DATA FOR PROCESSING >>
************
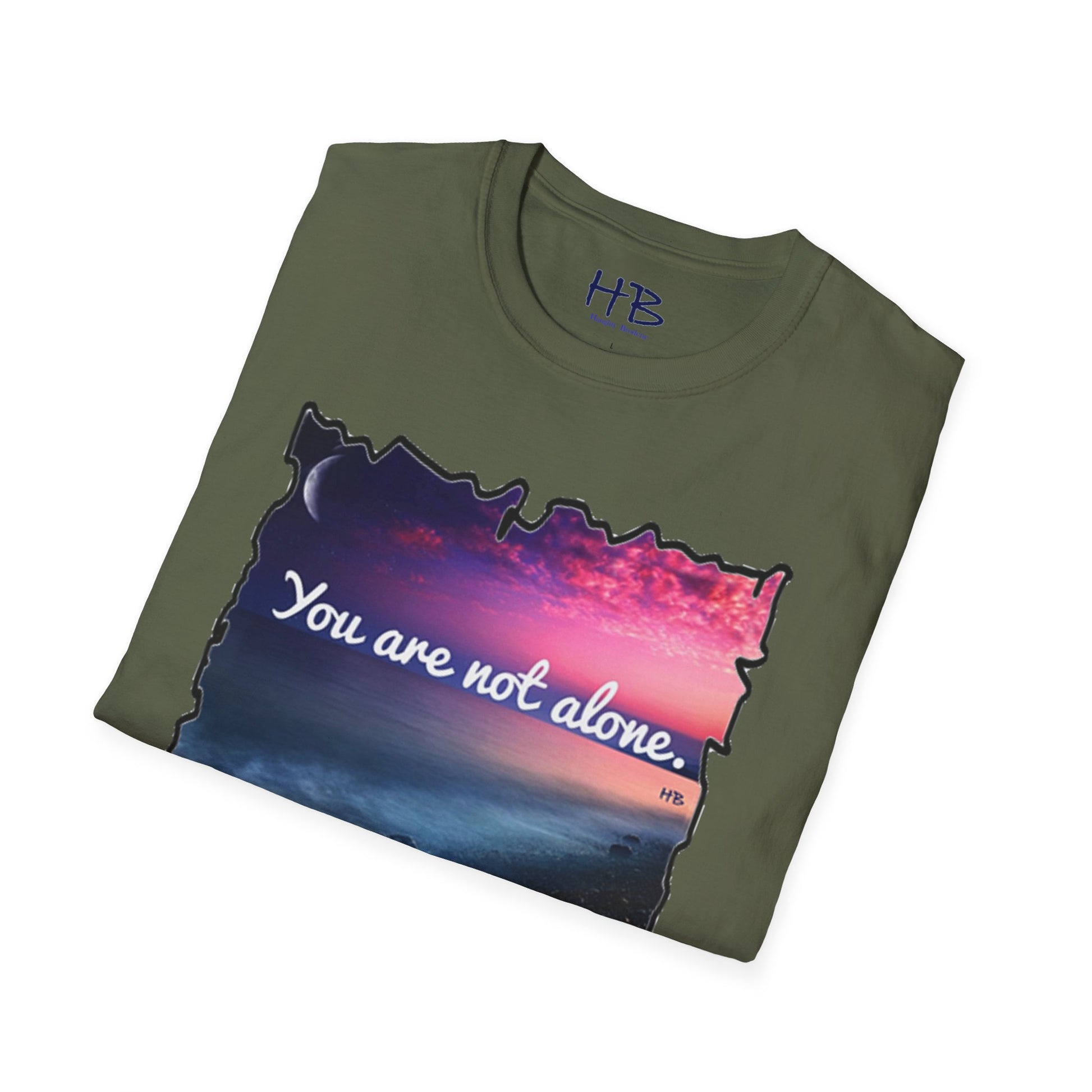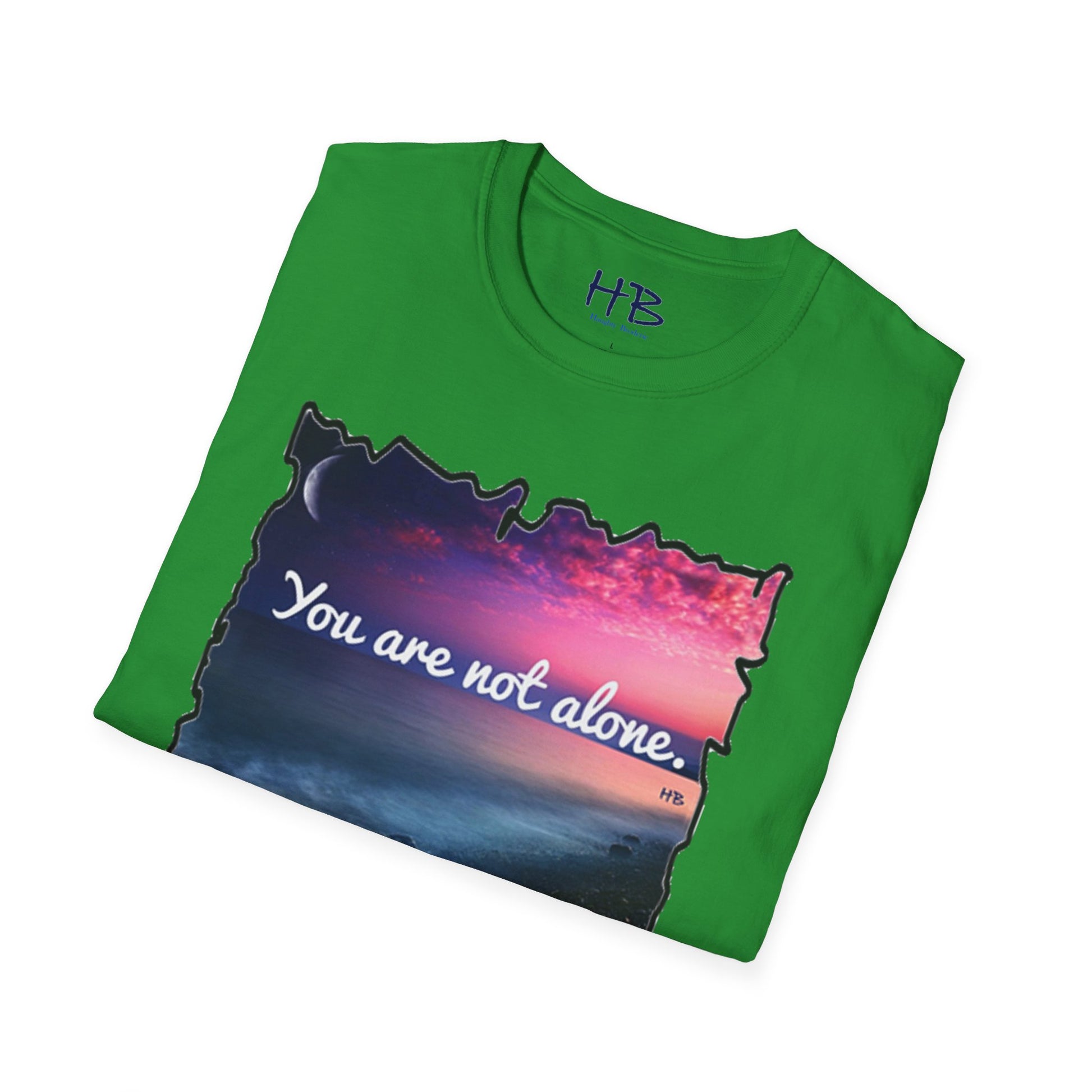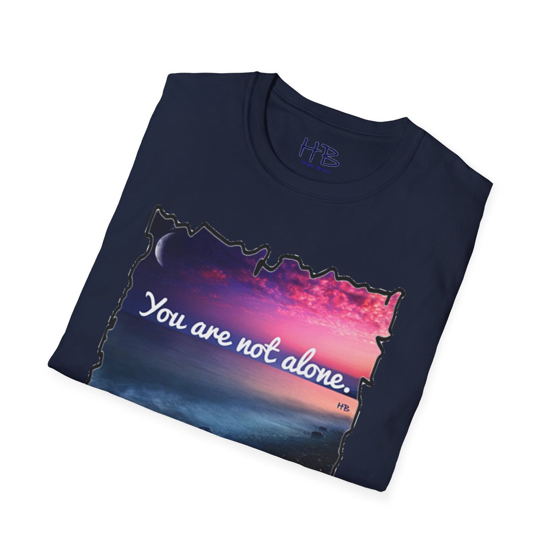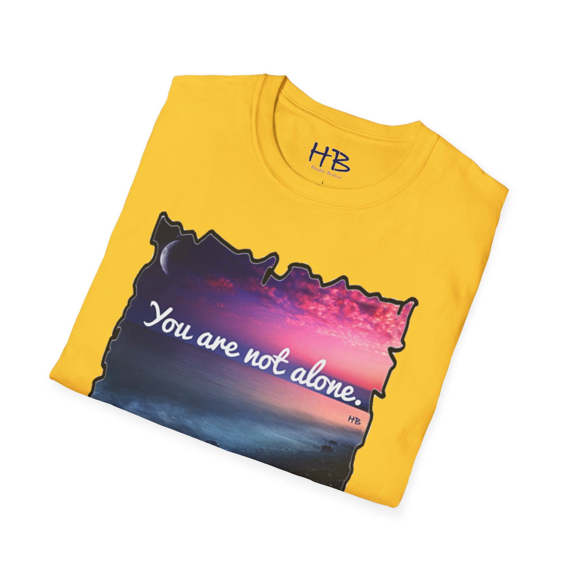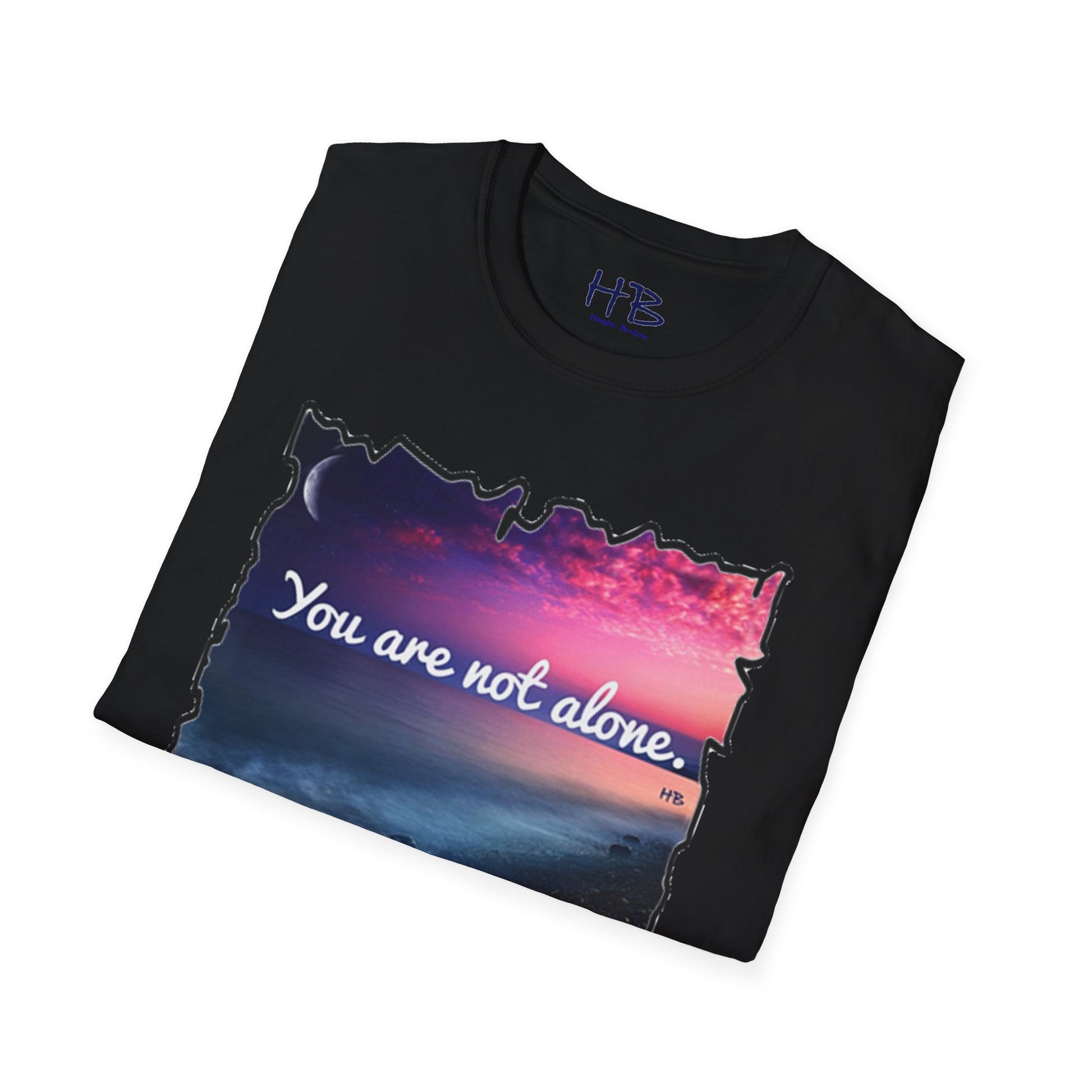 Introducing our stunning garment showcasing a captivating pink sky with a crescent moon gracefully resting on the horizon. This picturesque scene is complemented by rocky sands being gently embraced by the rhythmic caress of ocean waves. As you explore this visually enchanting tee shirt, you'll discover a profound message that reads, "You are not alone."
************
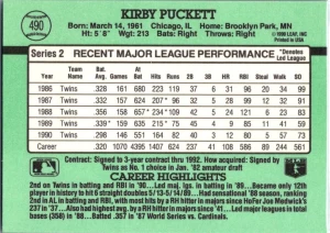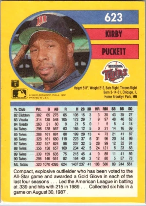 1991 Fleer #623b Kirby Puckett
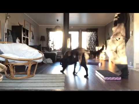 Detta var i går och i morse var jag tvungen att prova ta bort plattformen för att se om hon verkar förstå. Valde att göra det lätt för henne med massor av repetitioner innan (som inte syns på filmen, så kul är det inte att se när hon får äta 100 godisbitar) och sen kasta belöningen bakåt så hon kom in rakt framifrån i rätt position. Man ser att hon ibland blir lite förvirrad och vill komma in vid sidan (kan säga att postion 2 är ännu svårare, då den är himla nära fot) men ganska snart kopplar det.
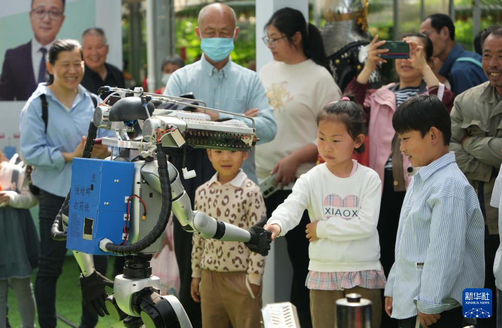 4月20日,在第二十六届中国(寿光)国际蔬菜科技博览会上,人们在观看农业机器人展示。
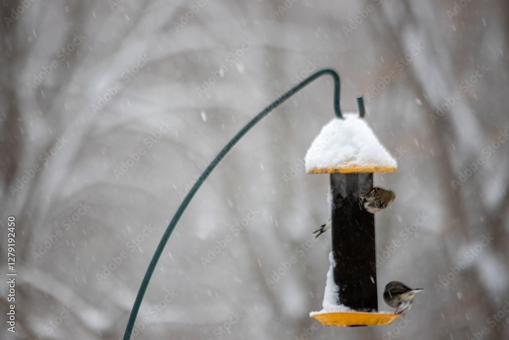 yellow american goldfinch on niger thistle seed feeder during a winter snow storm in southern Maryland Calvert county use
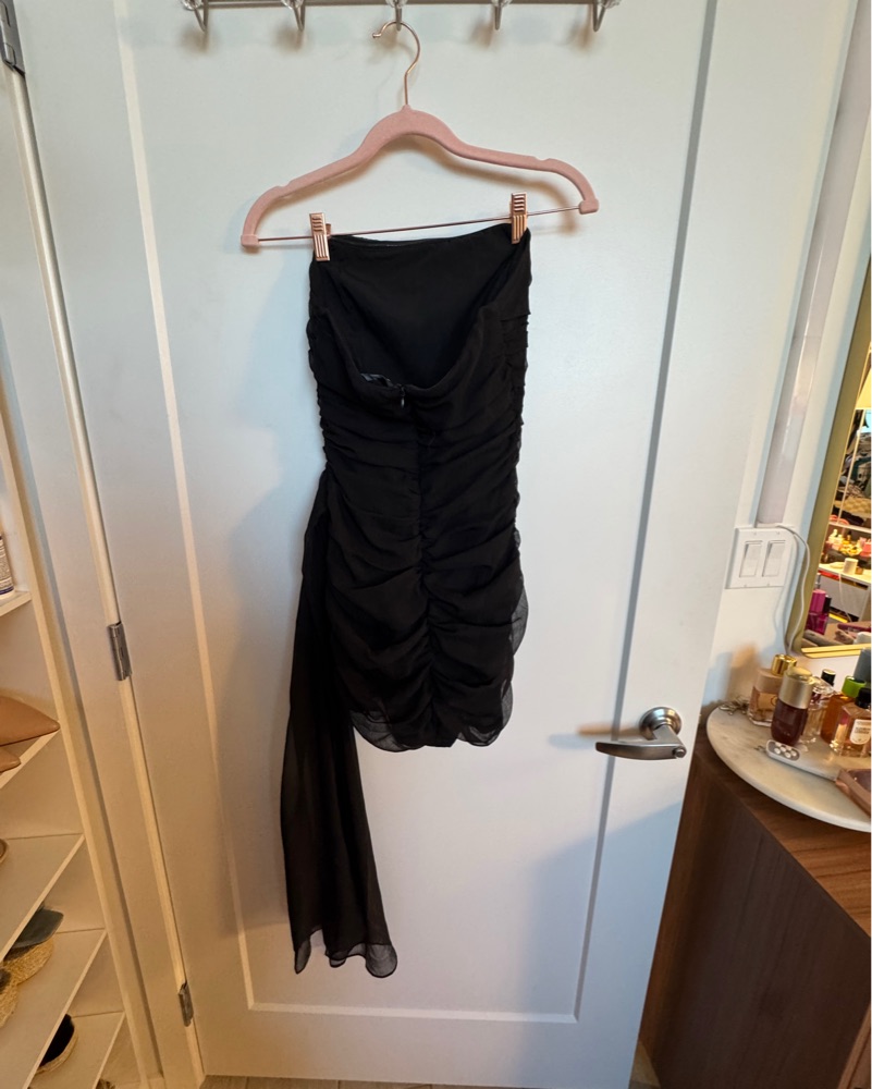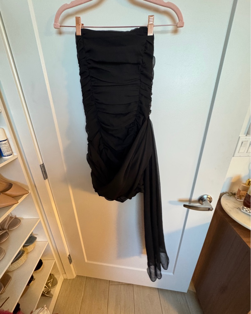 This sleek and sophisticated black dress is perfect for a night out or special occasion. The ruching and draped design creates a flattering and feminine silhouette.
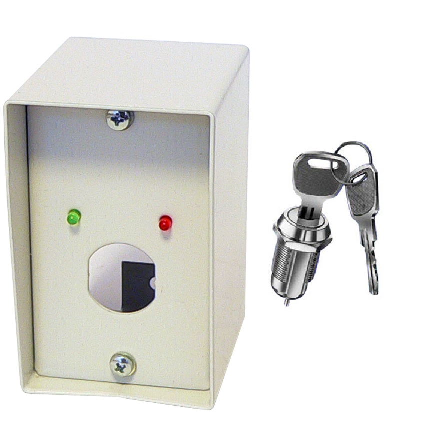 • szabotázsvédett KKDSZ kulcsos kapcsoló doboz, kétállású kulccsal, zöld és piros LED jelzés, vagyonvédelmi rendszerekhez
************
EXERCISE DETAILS >>
Exactly as written above, retype the lines starting at the one holding "Detta var i" and ending at the one holding "jelzés, vagyonvédelmi rendszerekhez", both included, but not the pictures.

ANSWER BELOW >>
 Detta var i går och i morse var jag tvungen att prova ta bort plattformen för att se om hon verkar förstå. Valde att göra det lätt för henne med massor av repetitioner innan (som inte syns på filmen, så kul är det inte att se när hon får äta 100 godisbitar) och sen kasta belöningen bakåt så hon kom in rakt framifrån i rätt position. Man ser att hon ibland blir lite förvirrad och vill komma in vid sidan (kan säga att postion 2 är ännu svårare, då den är himla nära fot) men ganska snart kopplar det.
 4月20日,在第二十六届中国(寿光)国际蔬菜科技博览会上,人们在观看农业机器人展示。
 yellow american goldfinch on niger thistle seed feeder during a winter snow storm in southern Maryland Calvert county use
 This sleek and sophisticated black dress is perfect for a night out or special occasion. The ruching and draped design creates a flattering and feminine silhouette.
 • szabotázsvédett KKDSZ kulcsos kapcsoló doboz, kétállású kulccsal, zöld és piros LED jelzés, vagyonvédelmi rendszerekhez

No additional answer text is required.